(It's getting too hard to fix the pic locations so forgive the messed up look of all this.)
We only met about five other groups of Americans on our trip. Iceland logs a lot more Europeans all of whom are packing mega cameras with foot-long zoom lenses. Regardless of the language barrier, BoyChild and GirlChild wormed their way into a soccer/football match to show off their skillz....*snort*....ok, well, the German family was REALLY nice and tolerant. Here they are having fun at about 10:30 pm. 24 hours of daylight is pretty damned cool, unless you're trying to sleep.

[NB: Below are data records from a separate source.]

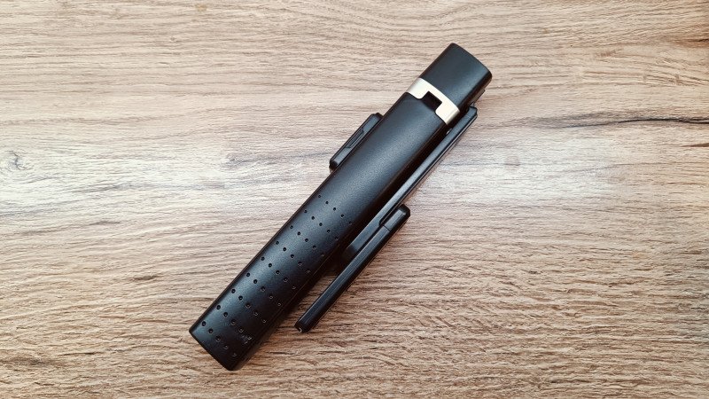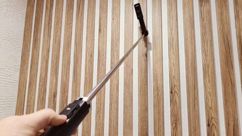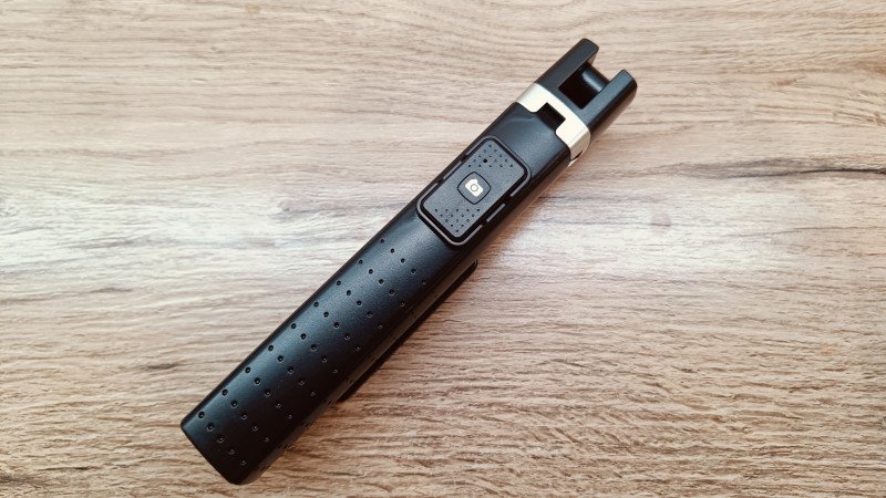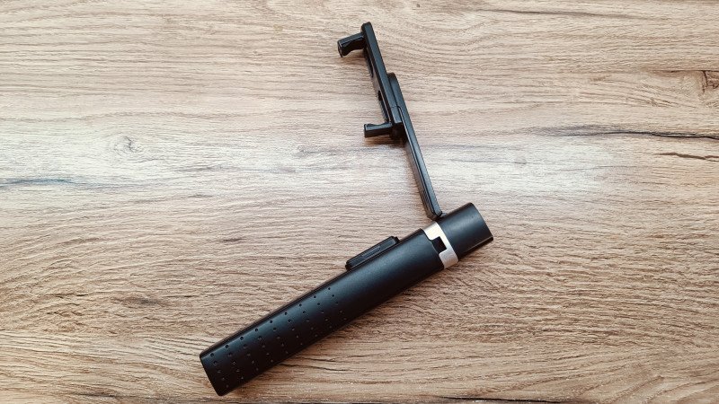 Сама селфи-палка довольно компактная. Длина не более 200 мм, поместится в сумочку или рюкзак. Из выступающих частей можно увидеть съемный пульт и прицепной механизм для смартфона.
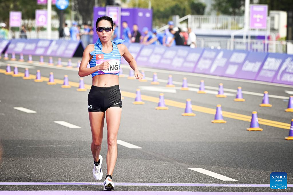 Ching Siu Nga of China's Hong Kong crosses the finish line during the Women's 20km Race Walk of Athletics at the 19th Asian Games in Hangzhou, east China's Zhejiang Province, Sept. 29, 2023. (Xinhua/Jiang Han)
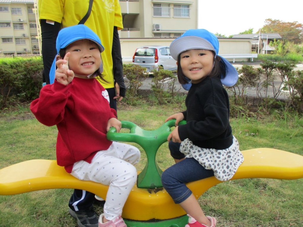 うさぎ(2歳児)組はどんぐり拾いの後、近くの公園に遊びに行きました!
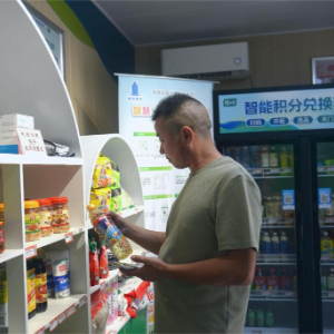 福州灰炉新苑小区居民使用通过垃圾分类获得的积分兑换商品(9月13日摄)。
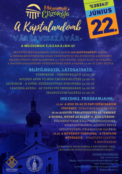 Belépőjegy váltható a Káptalandomb 13. szám alatti recepción, legkésőbb 21:30 óráig.
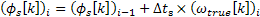 Equation 3.5: True frequency The new phase of each bin can then be calculated by adding the phase shift required to avoid discontinuities. This is done by multiplying the true frequency with the time interval of the synthesis stage as shown in equation 3.6.
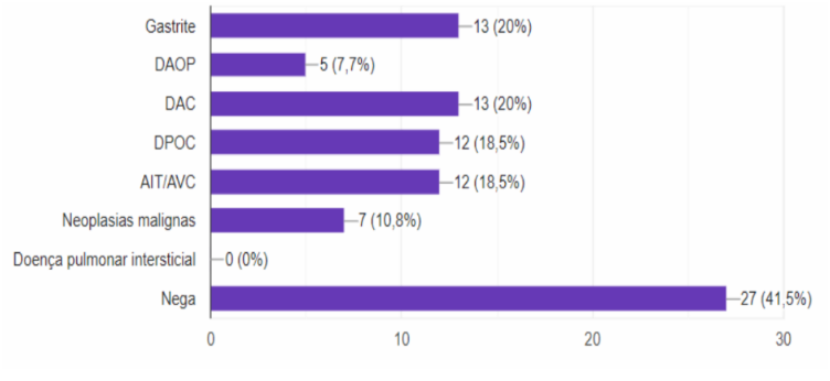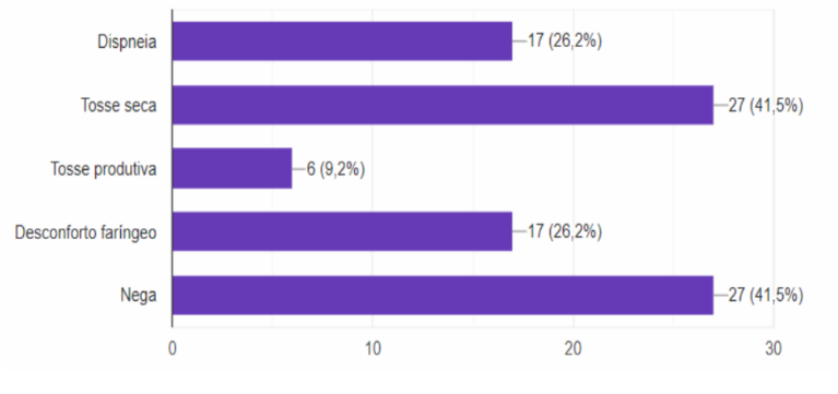 Ainda no grupo de tabagistas ativos e ex-tabagistas, foi analisado condições diretamente relacionadas à situação clínica do paciente, identificando-se presença de comorbidades relacionadas ao tabaco (dentre as avaliadas: gastrite, DAOP, DAC, DPOC, AIT/AVC, neoplasias malignas e doença pulmonar intersticial), estando presente pelo menos 1 comorbidade em 58,5% (38) dos pacientes. (gráfico 10); coexistindo sintomas respiratórios (dentre os avaliados: dispneia, tosse seca, tosse produtiva e desconforto faríngeo), em 58,5%(38) dos pacientes também, (gráfico 11).
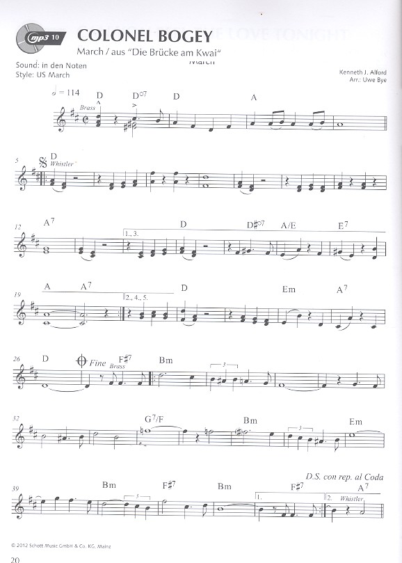 Bye, Uwe, arr. Die 30 beliebtesten Movie-Songs und Film-Hits Anchors Awaigh Winnetou-Melodie Doktor Schiwago My Heart Will Go On It's A Long Way To Tipperary Hit The Road Jack An der schönen blauen Donau Ave Maria Can You Feel The Love Tonight Colonel Bogey Where Do I Begin Por una cabeza Moon River (Everything I Do) I Do It For You When A Man Loves A Woman (I've Had) The Time Of My Life Flashdance... What A Feeling I Don't Want To Miss A Thing onquest Of Paradise He's A Pirate Little Brown Jug James Bond (Main Theme) The Harry Lime Theme Das Boot Everybody Needs Somebody Aus der Sinfonie Nr. 7 Nessun Dorma Once Upon A Time In The West (Theme) Bella's Lullaby Claire de lune
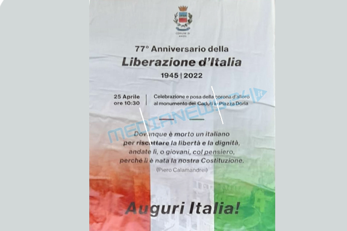 Ancora una tegola sull’amministrazione comunale della città, la condanna giudicata netta dei giorni scorsi riguarda il manifesto affisso che accende l’ennesima discussione sfociate a tratti in sfottò sui social in con cui l’amministrazione ha accompagnato le celebrazioni per il 25 aprile. “In bella mostra il nostro tricolore si trasforma nella bandiera della Costa d’Avorio, che chiaramente richiama all’errore che può sembrare una semplice svista, è per noi un grave errore di comunicazione”. A sollevare la questione e il circolo FdI Giblas di Angri, “peccato che i colori siano stati disposti diversamente mostrando così di fatto colori diversi dai nostri” conclude il portavoce del circolo.
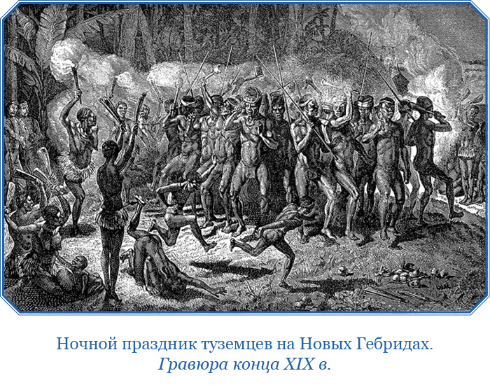 Мы увидели первую группу дикарей, вышедших боязливо из-за этого мыска. Впереди шел начальник, а за ним попарно остальные; они подошли к ближайшему от нас берегу, принесли какие-то дары, которые сложили в кучу на берегу, прокричали что-то, показывая руками на кучу, и медленно удалились за мысок.

Sadly, Alice didn't bring a watch on the trip. A typical night's sleep with the sun streaming around the blackout curtains went like this:
Alice: What time is it?
Babycakes: Huh? Urgh....2:12.
Alice: Babycakes...what time is it?
Babycakes: *snore* Hunh? 4:25.
Alice: Wake up...what time is it?
We had a goal to get north of the Arctic Circle and had to fly a little 8-seater plane to get to the greater metropolitan area/island of Grimsey. It was hard to find our way through the maze-like concourses of their airport, but after stepping around the chainlink fence we made it to our tour guide, Katla.
We chose the driving option around the island since the wind could best be described as hurricane. And so Katla drove us around the tiny island pointing out the puffins, kittiwakes and terns and letting us tourist pose by the pole marking out the Arctic Circle.
GirlChild: What was that?
Alice: Natural selection.
We headed south to visit the Jokulsarlon Glacial Lagoon soon after. Who wants to be lounging by pool while sipping Mojitos when you could be decked out like a sherpa? How do you like that hat? You better like that hat. I paid enough for it.

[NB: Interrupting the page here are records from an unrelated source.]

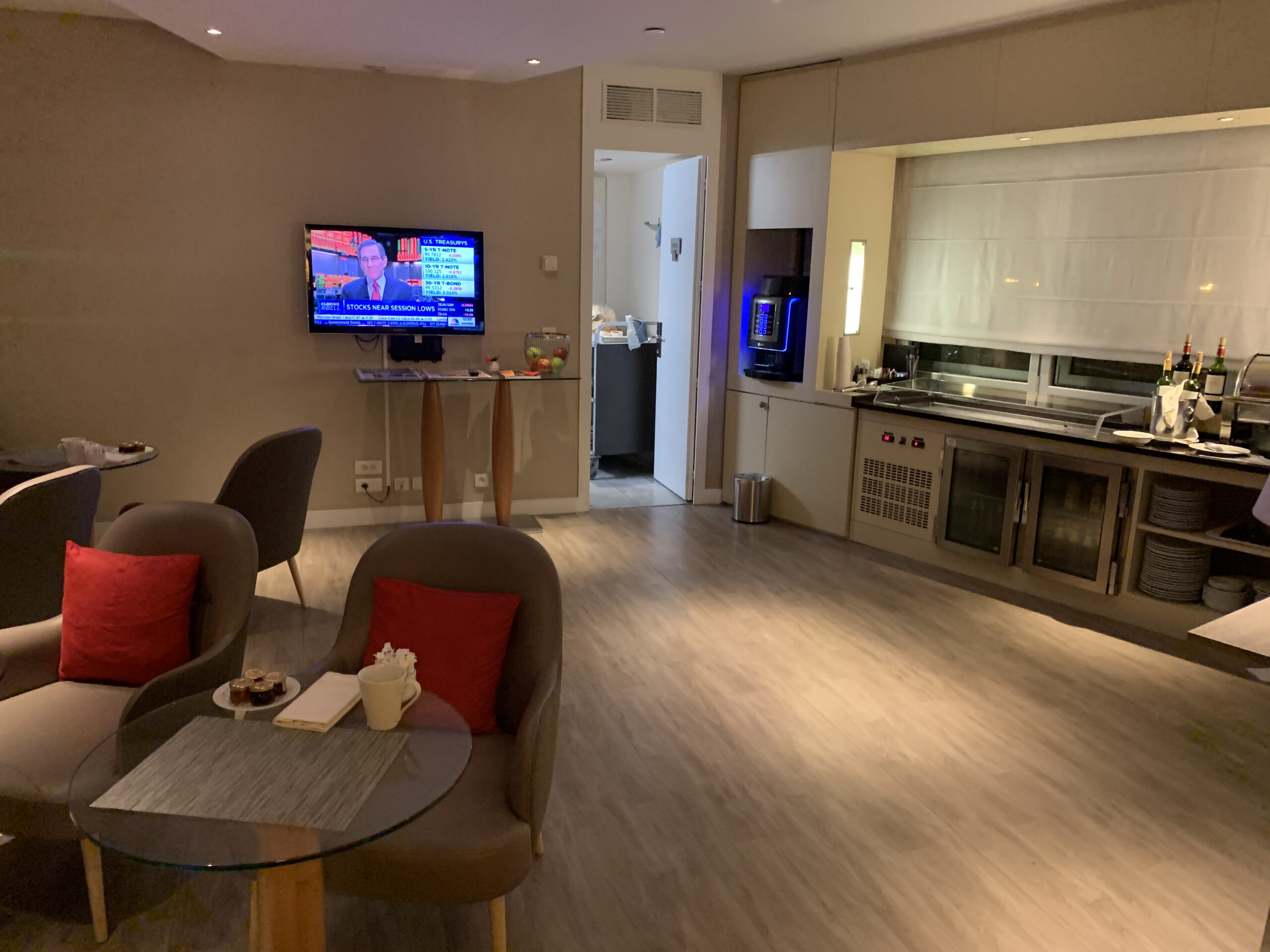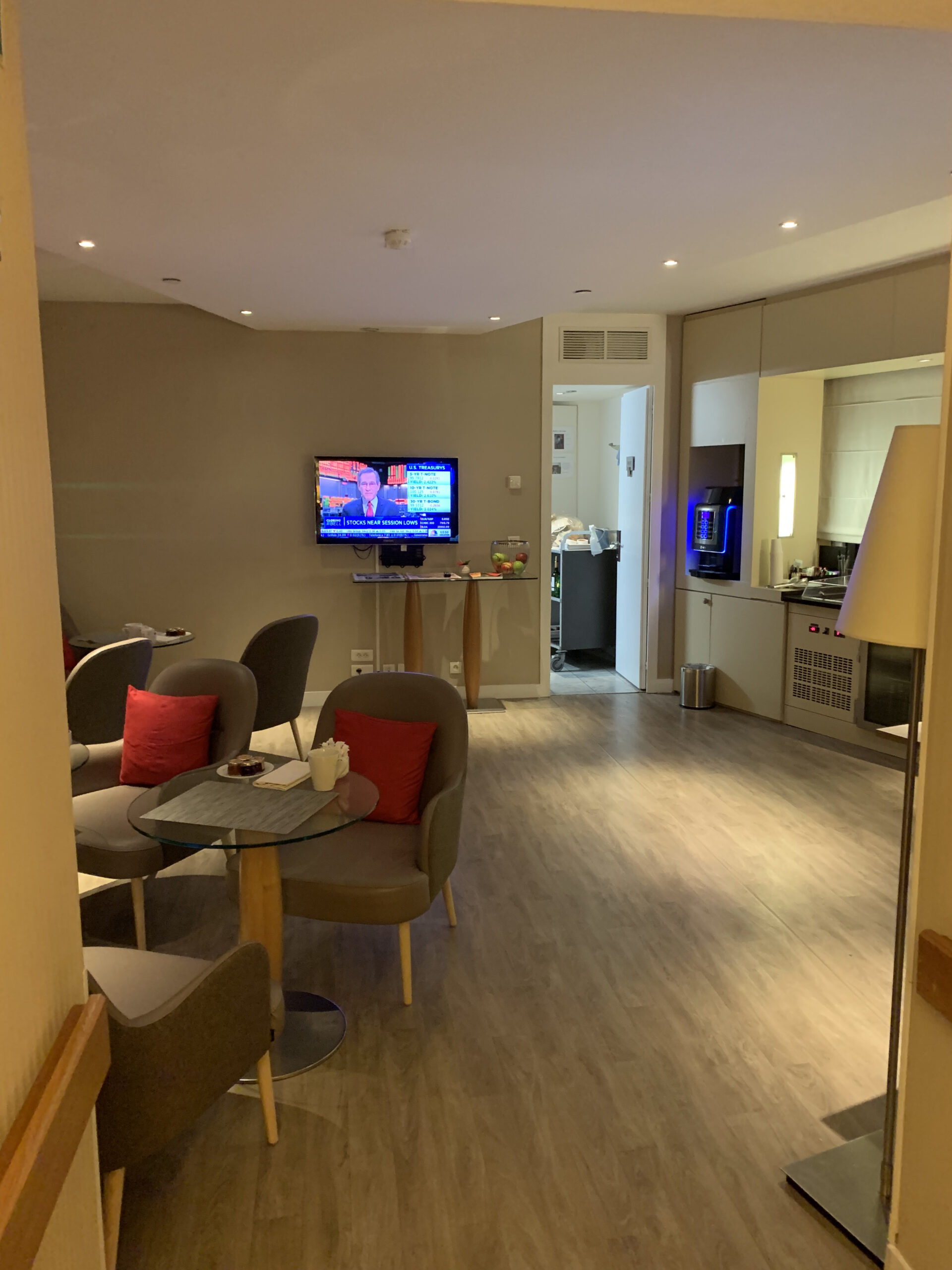 Die Lounge ist übrigens nicht sonderlich gross, man merkt dass hier einfach zwei Zimmer umgebaut wurden. So hat es einen doch etwas sehr dunklen separaten Raum der auch als kleines Business Center dient.
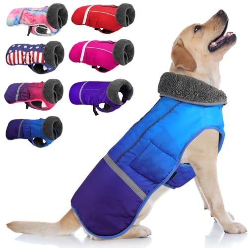 Doglay Dog Coat, Waterproof Dog Jacket Pet Winter Coat for Cold Weather with Thicken Furry Collar, Reflective Puppy Winter Jacket Warm Fleece Lining for Small Medium Large Pets
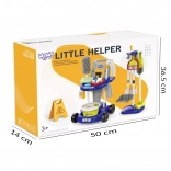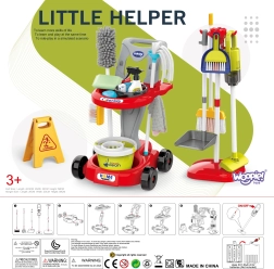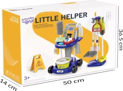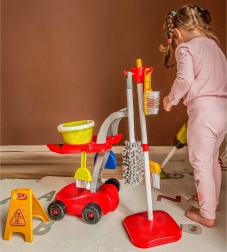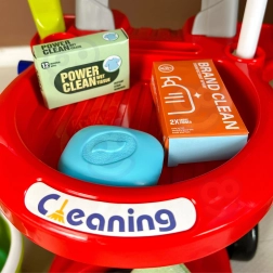 Alt nødvendigt er inkluderet: vogn på hjul, moppe, kost og børste med fejebakke, spand, sprayflaske, klude, advarselsskilt “Pas på, glat gulv” og andet tilbehør. Mængden af dele giver børn timevis af sjov og understøtter rolleleg samt samarbejde med søskende.

The lagoon was pretty spectacular, even with the crazy wind having blown all the icebergs to one side. That iceberg was so blue it looked fake.

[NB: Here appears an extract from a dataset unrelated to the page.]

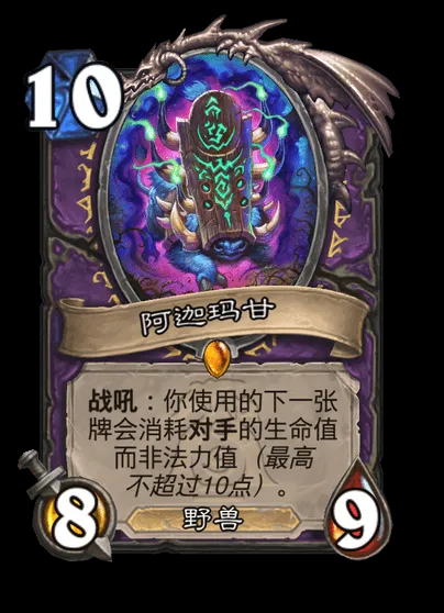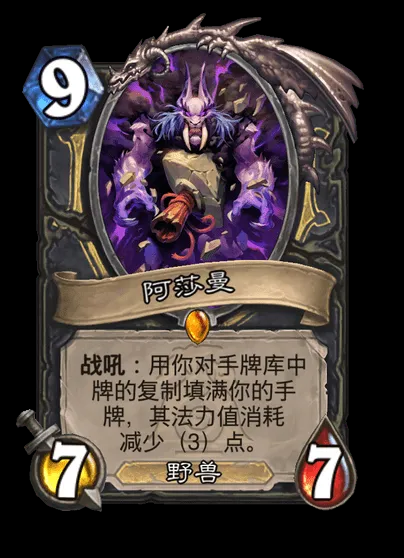 阿莎曼这张卡对于盗贼来说过于笨重了,虽然它的效果确实很不错,但是盗贼真的是一个缺手牌资源的职业吗?无论是过牌还是补牌能力,应该都是瓦莉拉的优势区间,9费的它能给贼补多少资源这一点真不好说,因为贼很有可能一直手牌都是快满的状态。虽然给的牌能减3费,但操作空间依然有限。但话又说回来。潜行者一向是以奇迹著称的职业,说不定会有一些不错的玩法?先保留意见给个无功无过的3分吧。而和乌索克相同,如果被玛洛恩发现出来只要1费的话,那操作空间可就太大了,因此发现出来的1费阿莎曼我认为能给到4.5分的强度。

At one point, our guide Helga (her real name) who was decked out in a way that surpassed any lame high schooler trying to North Face their way to popularity, stood holding a chunk of 1000 year old ice in her bare hands for a good 10 minutes. I don't think I heard a word she said as I pondered how long I could hold a chunk of ice in frigid weather without dropping it which I would estimate to be 30 seconds. I'd be no good as a Jokulsarlon tour guide.
Part 3 to follow...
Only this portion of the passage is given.